2. Internet Finance and Credit Industry
2.1. Internet Finance
Finance is at the core of modern economic operations, and financial viability determines the quality and potential of the overall economy. Financial dynamism depends on the ability of the financial system to accept new concepts and apply new technologies. However, with the application and popularization of Internet technology in the financial field, the traditional finance has been rapidly transformed from the economic field into a new industry—Internet finance [4]. Internet finance refers to the traditional financial institutions and Internet enterprises using Internet technology and information and communication technology to achieve financing, payment, investment, and information intermediary services. It is not only different from the indirect financing of commercial banks but also different from the direct financing of the capital market information finance business model. Internet finance is a new type of business generated by the cross-border integration of the traditional financial industry with the Internet industry with new technologies such as cloud computing, big data, and mobile payment [5].
2.2. Traditional Credit Investigation Industry
The essence of internet finance is finance, and the core of finance is credit. Therefore, the credit information system is an effective constraint mechanism to ensure the integrity of the financial market.
The traditional personal credit system in the financial industry is inefficient, narrow coverage, and slow update of data, which cannot satisfy the control of personal credit risk of Internet finance. At present, China’s credit reporting system is mainly represented by the People’s Bank of China Credit Reporting Center; there are also local government and its functional departments led by the government credit reporting system, as well as the market-oriented credit reporting system represented by the eight credit reporting companies that have obtained the licenses of individual credit institutions [6], as shown in Figure 1. At the same time, China also issued some more authoritative regulations and regulations on the establishment of a credit information system.
3. Mathematical Models
Based on the knowledge of economics, the concepts of credit costs and potential risk costs are proposed in this paper. Starting from the three characteristics of big data credit, using mathematical models to demonstrate the necessity of developing big data personal credit is put forward.
3.1. Analysis of Idea
Compared with the superiority of traditional credit information, big data credit can be measured from two dimensions of efficiency and cost [7]. Because of the three characteristics of timeliness, accuracy, and economies of scale in big data credits, the study believes that big data credits are superior to traditional credit information in terms of efficiency [8]. This paper will focus on the field of personal credit reporting from the cost dimension and then demonstrate the necessity of developing large data credit. The reasoning argument is based on the three characteristics of big data credits. By setting assumptions and constructing a mathematical model, the total social costs incurred by the two are compared.

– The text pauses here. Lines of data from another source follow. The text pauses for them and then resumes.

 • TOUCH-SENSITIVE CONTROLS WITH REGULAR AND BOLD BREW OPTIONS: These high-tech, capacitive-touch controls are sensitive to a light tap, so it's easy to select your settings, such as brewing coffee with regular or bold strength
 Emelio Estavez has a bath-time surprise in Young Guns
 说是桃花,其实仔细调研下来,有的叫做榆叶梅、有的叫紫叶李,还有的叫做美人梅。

The cost of traditional credit information mainly includes credit cost, potential risk cost, and other costs [9]. Firstly, each additional coverage of the credit system will result in the corresponding operating costs, which are derived from the data acquisition, data analysis, personnel employment, and other necessary aspects of credit, and defined as the cost of credit; secondly, even if the credit bureaus do not continue to expand their credit coverage, they still need to provide services to the creditworthy groups and pay for necessary equipment maintenance costs. This part of the cost is defined as other costs. Finally, based on economic rational people assumptions, any information subject is a potential defaulter. The purpose of credit investigation is to prevent the credit risk brought about by breach of contract. Conversely, without credit checking, potential risks can be generated, which is called potential risk cost. Credit evaluation of information subjects through credit information can effectively reduce potential risk costs but cannot eliminate them.
As a brand-new information network technology, large data credit reporting technology research and development, supporting infrastructure is needed. Therefore, large data credit has three costs of traditional credit, but at the same time, it also needs technical input, that is, technical cost [10].

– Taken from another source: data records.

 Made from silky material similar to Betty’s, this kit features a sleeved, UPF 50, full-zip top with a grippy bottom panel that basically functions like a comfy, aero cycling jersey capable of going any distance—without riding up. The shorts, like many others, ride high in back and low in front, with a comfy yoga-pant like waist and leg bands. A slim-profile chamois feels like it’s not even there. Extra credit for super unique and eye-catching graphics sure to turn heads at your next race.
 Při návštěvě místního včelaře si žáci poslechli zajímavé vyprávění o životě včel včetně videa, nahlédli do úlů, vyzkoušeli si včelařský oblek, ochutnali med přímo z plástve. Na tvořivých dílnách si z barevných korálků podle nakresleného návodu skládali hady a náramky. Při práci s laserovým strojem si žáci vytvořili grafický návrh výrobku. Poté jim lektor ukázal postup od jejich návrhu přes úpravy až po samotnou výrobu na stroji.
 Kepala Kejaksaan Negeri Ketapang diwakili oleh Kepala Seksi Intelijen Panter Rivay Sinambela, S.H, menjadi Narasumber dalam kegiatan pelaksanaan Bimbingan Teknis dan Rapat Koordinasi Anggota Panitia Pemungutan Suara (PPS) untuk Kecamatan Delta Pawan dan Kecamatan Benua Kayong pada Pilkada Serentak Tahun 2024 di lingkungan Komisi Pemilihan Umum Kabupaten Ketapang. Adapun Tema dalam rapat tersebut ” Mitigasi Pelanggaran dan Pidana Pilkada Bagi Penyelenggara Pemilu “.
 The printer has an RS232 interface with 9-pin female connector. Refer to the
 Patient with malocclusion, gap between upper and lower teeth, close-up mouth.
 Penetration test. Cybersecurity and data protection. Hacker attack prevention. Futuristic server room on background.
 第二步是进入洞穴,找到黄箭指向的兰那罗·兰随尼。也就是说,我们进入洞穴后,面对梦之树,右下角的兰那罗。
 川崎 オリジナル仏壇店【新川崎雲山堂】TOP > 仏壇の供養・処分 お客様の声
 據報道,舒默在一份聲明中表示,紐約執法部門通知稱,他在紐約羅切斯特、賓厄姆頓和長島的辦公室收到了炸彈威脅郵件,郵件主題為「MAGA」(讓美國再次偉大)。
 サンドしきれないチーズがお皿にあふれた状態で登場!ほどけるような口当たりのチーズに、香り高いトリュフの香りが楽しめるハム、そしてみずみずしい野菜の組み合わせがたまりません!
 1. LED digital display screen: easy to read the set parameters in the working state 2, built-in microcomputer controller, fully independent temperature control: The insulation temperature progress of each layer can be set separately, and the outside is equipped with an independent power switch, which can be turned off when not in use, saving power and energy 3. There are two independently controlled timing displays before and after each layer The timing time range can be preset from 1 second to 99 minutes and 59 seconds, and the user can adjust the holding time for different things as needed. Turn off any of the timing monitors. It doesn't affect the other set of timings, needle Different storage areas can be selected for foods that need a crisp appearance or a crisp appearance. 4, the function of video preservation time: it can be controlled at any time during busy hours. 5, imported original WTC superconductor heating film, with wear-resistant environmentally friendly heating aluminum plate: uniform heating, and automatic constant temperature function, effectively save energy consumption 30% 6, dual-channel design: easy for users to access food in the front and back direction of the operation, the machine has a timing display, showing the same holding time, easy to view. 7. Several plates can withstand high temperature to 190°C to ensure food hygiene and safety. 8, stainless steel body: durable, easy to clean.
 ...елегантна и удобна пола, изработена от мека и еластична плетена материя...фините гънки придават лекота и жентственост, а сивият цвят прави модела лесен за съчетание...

3.2. Assumed Conditions and Variable Settings
For the sake of discussion, set the following six assumptions [11].
First, the information subject is homogenous, and there is no difference in the potential risk cost caused to the credit system. Assuming that the potential risk cost per unit time of the nonaccepting information subject is , and the potential risk cost per unit time after accepting the traditional credit and large data credit is and, respectively.

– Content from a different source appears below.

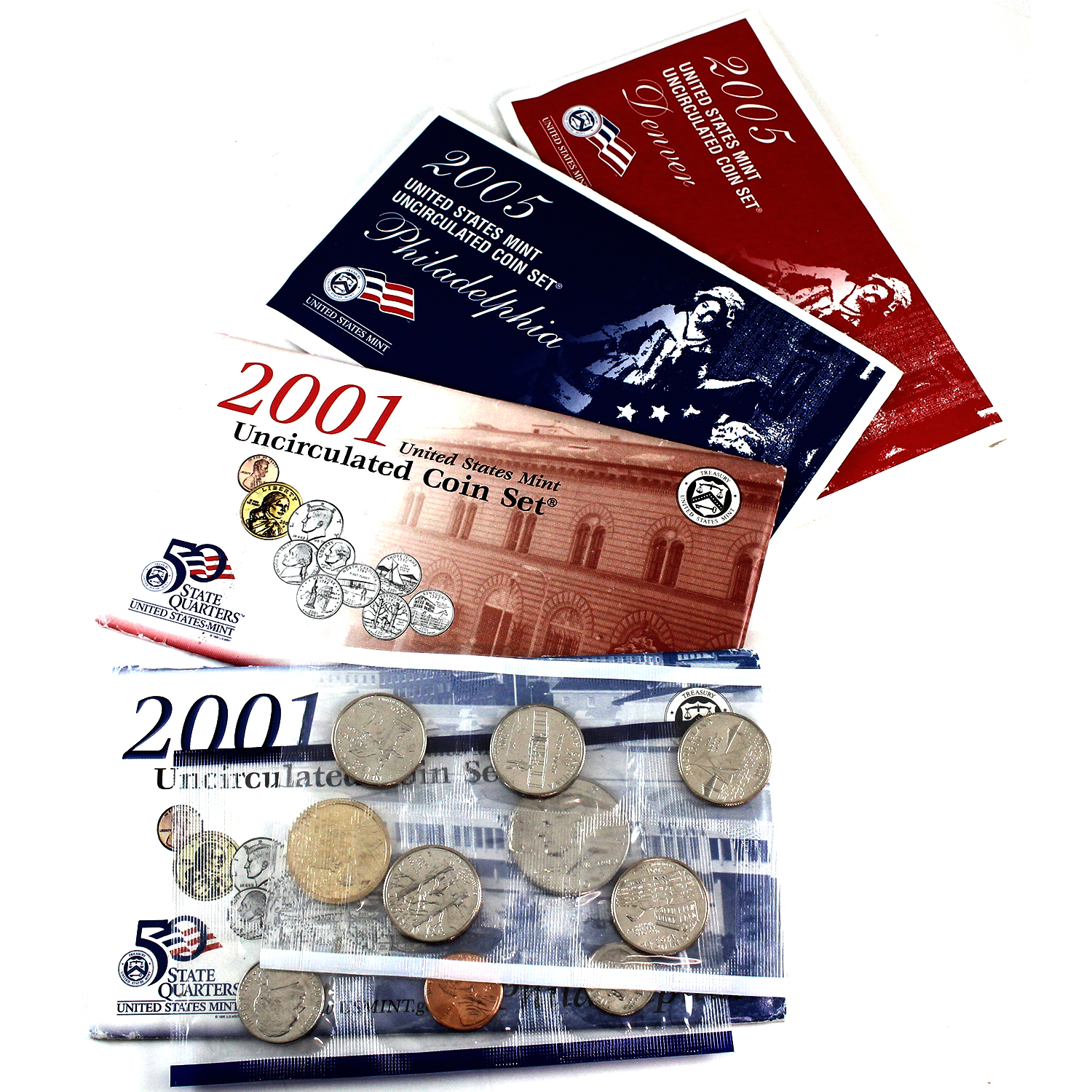 INCLUDES: 2001 Philadelphia 50 State Quarters, 2001 Denver 50 State Quarters, 2005 Philadelphia, & 2005 Denver. Set of 5 State Quarters included in each set. Light natural toning, light wear on packaging. 4pcs.

Second, the current population is a fairly large value. Both the big data credit and the traditional credit information cannot include the entire population within the scope of the credit investigation within the time frame studied by the institute and do not consider the population growth.
Thirdly, the speed of credit information is defined as the number of people newly covered by the credit system in a given period of time. It is assumed that once an information subject has been included in the credit system, it will not need to reconduct it, and the traditional credit and big data credits are and, respectively.
Fourth, the current credit system coverage is 0, and it is assumed that big data credits and traditional credits have the same credit cost when the coverage is zero.
Fifth, big data credits need to invest a fixed technical cost per unit of time, regardless of the diminishing cost of technology brought about by the maturity of big data credits.
Sixth, big data credit and traditional credit have the same other cost .
Based on the three characteristics of big data credit, this paper analyzes the difference in cost between big data credit and traditional credit information [12].
First, due to the timeliness of big data credits, the study considers that big data credits have higher credit reporting speeds than traditional credit information, that is, .
Second, because the assessment results of big data credits are more accurate, the study considers that big data credits can reduce the potential risk cost more effectively than traditional credit information, that is, .
Thirdly, due to the scale effect of big data credits, the study considers that the credit cost of big data credits does not increase with the expansion of credit coverage, that is, the credit cost of the unit population remains unchanged. The credit information cost of the traditional credit reporting unit population will increase with the increase in the number of people covered. For ease of discussion, the article sets the growth of its credit cost as a linear model [13], where is the number of people covered by the current credit system.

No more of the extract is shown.